McKinsey: How do you build for the future, not knowing where the next big challenge could come from?

G. V. Prasad: We have started thinking about that. We do not believe that our existing business can do this; you cannot expect people to focus on increasing market share, growth, and driving the business while also disrupting the world. So for the disrupt part, we are re-architecting our organization. This has to be outside the mainstream. We have a couple of initiatives going on—a new-ventures group, as well as someone in the US who looks at emerging technologies. We will invest in start-ups. All innovation that cannot be done internally, we have to do it externally or partner with someone or invest.

Today, innovation is either R&D or collaborative R&D outside our existing core businesses or by acquiring technology platforms. We are going to have another leg where we will focus on small companies, universities, and ideas and back people from outside and inside to build businesses.

Innovation does not mean just letting people loose. It is defining where you will be innovative and putting resources and great people there. There is no substitute to having good talent, especially in areas of original research, where you need people to apply their discretionary mind. They are not following any script—they are creating the scriptóso you need people who are motivated by their work.

The call is to the talent, the sandbox that you have defined, the capital and time you give them. These become the constraints under which the team innovates. Good leaders like constraints, and they expect you to set these constraints and then let them loose.

But while we are usually not limited by talent, we are limited by people available within India to meet DRL’s global needs. While hiring a regulatory head in New Jersey is easy, finding people for the same position in India is tougher. Getting in people from multinationals may not be the best solution for us.

McKinsey: And innovations can fail and do not always yield impact in the short term.

G. V. Prasad: The pharma industry is quite forgiving about this, and the investor community understands the risks. Failure is a part of the journey in this industry. At DRL, our innovation in the early days was very science focused. That led to people living in their own world. Scientists often went on without understanding the realities of competition or who they were innovating for. It has to be patient focused. The patient does not care how your pill is developed. Does it work? What does it do? We have now turned the model around.

That is one lesson in innovation. In my view, scientists do not necessarily make great business leaders. We need a certain kind of phenotype for business leaders.
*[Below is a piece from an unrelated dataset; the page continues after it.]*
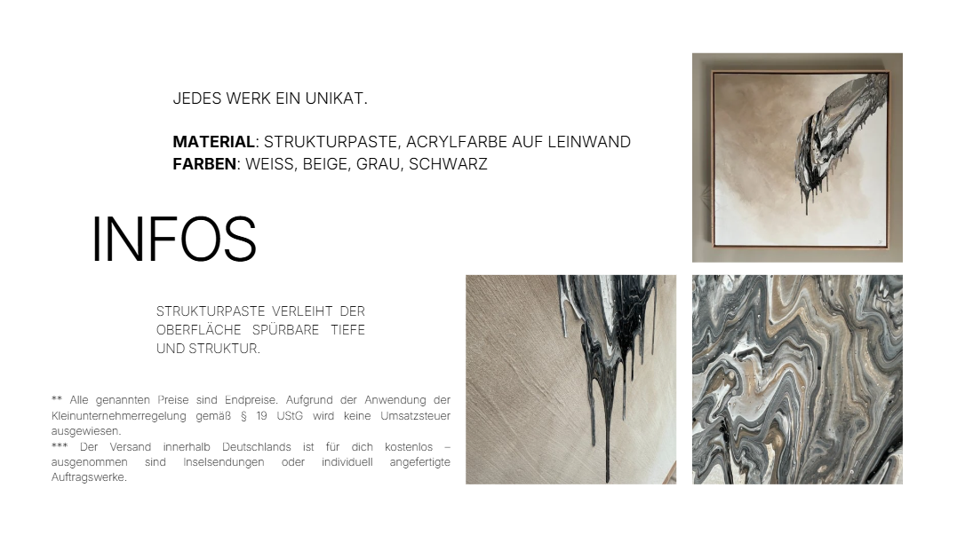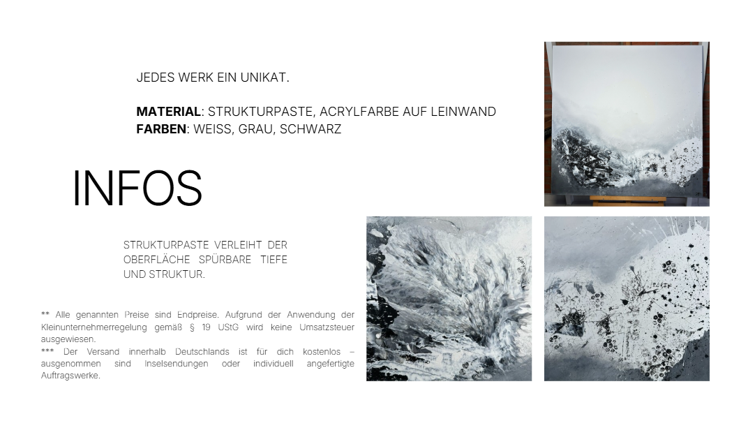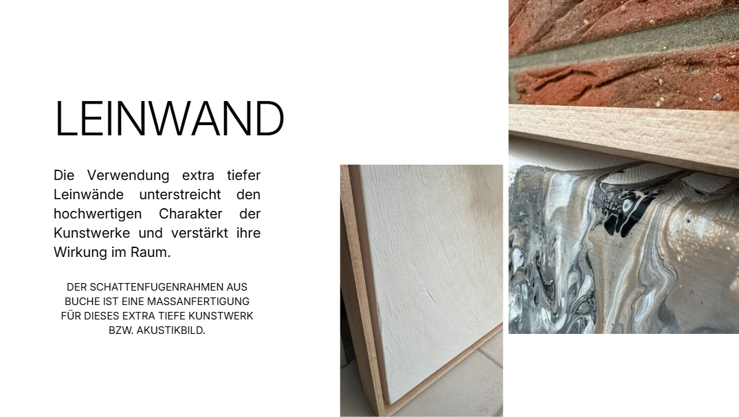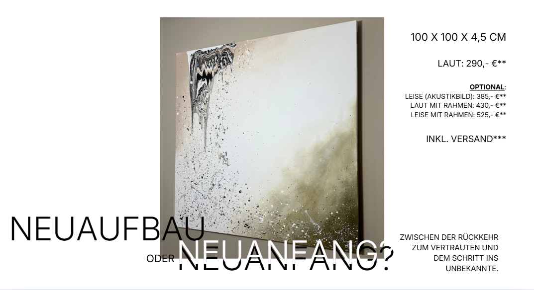 (Fast) jedes meiner Werke entsteht als „laut & leise“-Kunstwerk – das bedeutet: Du kannst es entweder als klassisches Gemälde („laut“) oder als funktionales Akustikbild („leise“) bestellen. Beide Varianten sind handgefertigte Unikate.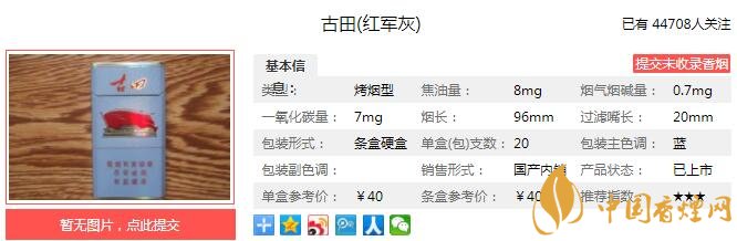 以上便是由香煙網(wǎng)小編為大家介紹的關于古田紅軍灰多少錢一包 古田紅軍灰口感如何的相關信息,想要了解更多有關內容請點擊:泰山秀系列香煙有幾種 六款泰山秀系列香煙價格介紹

On the fruits of failure in general, being entrepreneurs, we tend to take excessive risks on businesses. I think some restraint is required for highly entrepreneurial people like me. I have learned that we need to be careful about not seeing just the opportunity but also the downsides.
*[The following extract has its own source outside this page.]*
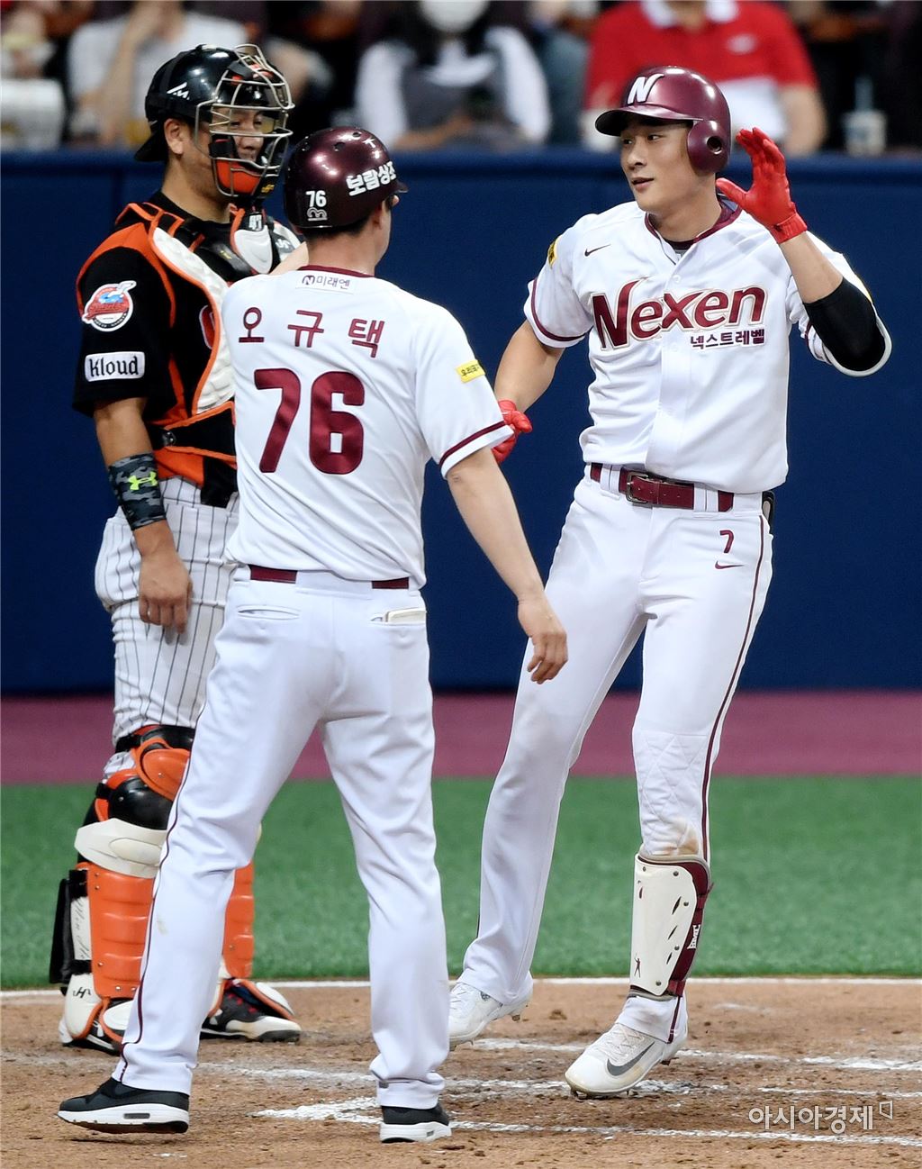 [아시아경제 김현민 기자]프로야구 롯데 자이언츠와 넥센 히어로즈의 2017 KBO리그 경기가 17일 서울 고척돔에서 열렸다. 3회말 무사 만루에서 넥센 김하성이 롯데 선발 박시영을 상대로 만루 홈런을 치고 오규택 코치와 기뻐하고 있다. 김현민 기자 kimhyun81@asiae.co.kr<ⓒ세계를 보는 창 경제를 보는 눈, 아시아경제(www.asiae.co.kr) 무단전재 배포금지>

McKinsey: Where do you see DRL in ten years?

G. V. Prasad: DRL will be a much more global company. The business model will have changed: a large part of it comes from generic drugs today, and in ten years much of it will come from innovative products. We are living in the time of great changes in digital health, genomics, and personalized medicine. Companies like ours will probably be more resilient than a traditional pharmaceutical company.

McKinsey: What would be your message to entrepreneurs who are just starting on their journey?

G. V. Prasad: For many start-ups today, the end game is exit. I would like to see more companies and entrepreneurs who want to be Google, Facebook, or Apple; that’s the energy I want. If somebody can think like that, it becomes a different game.

To me, capital is not the end game. The end game is making a difference in the world. For this, people need extraordinary patience. Look at how Amazon has built a business over decades: all these guys have persevered for 20 to 30 years before they had this world-beating institution.1 Industrialists in India should focus more on creating innovative enterprises which will dominate the world.

You need to have those world-beating ideas and merge them with the ambition to make a difference. You cannot build a world-class institution on the back of mediocre ideas.